5 Sources of Income in Retirement

You’ve probably heard the saying, “It’s never too early to start preparing for retirement,” and it’s true. The sooner you start investing, the sooner you’ll be able to work on saving money to create the retirement of your dreams. However, in order to do that, you’ll want to start investing right now. Here are some simple ways to get going.

 

Traditional 401(k) and Roth 401(k)

If you’re employed, then chances are your employer offers some kind of 401(k) plan. These investment vehicles are used to help you put away part of your paycheck with the added benefit of having your boss pitch in too. While a traditional 401(k) is what companies typically offer, you may also have the option to invest in a Roth 401(k).
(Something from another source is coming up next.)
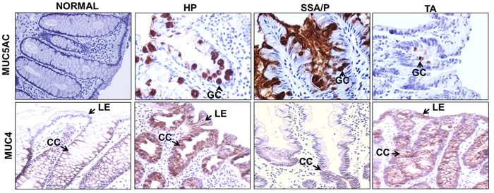 29. Biemer-Huttmann AE, Walsh MD, McGuckin MA, Ajioka Y, Watanabe H, Leggett BA, Jass JR. Immunohistochemical staining patterns of MUC1, MUC2, MUC4, and MUC5AC mucins in hyperplastic polyps, serrated adenomas, and traditional adenomas of the colorectum. J Histochem Cytochem. 1999; 47: 1039-1048.

The difference between these two investments is that you’ll receive tax deductions from your 401(k) contributions now, but you’ll pay taxes on withdrawals. With a Roth, you don’t get upfront deductions, but the money is yours in retirement.

 

Pension

While rarer than 401(k)s, some companies still offer their employees pensions. Unfortunately, you’ll experience some form of taxes when you take distributions. This is because many pensions are funded with pre-tax money, so investors pay the taxes on the backend. However, you may be able to get some kind of break if you funded a portion with after-tax dollars. You’ll have to check with the person in charge of your plan to know whether or not this is an option for you. If it’s not, be sure you’ve budgeted for your taxes in retirement.

 

Traditional IRA and Roth IRA

IRAs, or Independent Retirement Accounts, are very similar to 401(k)s except that you’re the only one who contributes to them, not an employer. For this reason, they’re popular with people who don’t have a 401(k) match, don’t like their 401(k) package, or want something in addition to their 401(k).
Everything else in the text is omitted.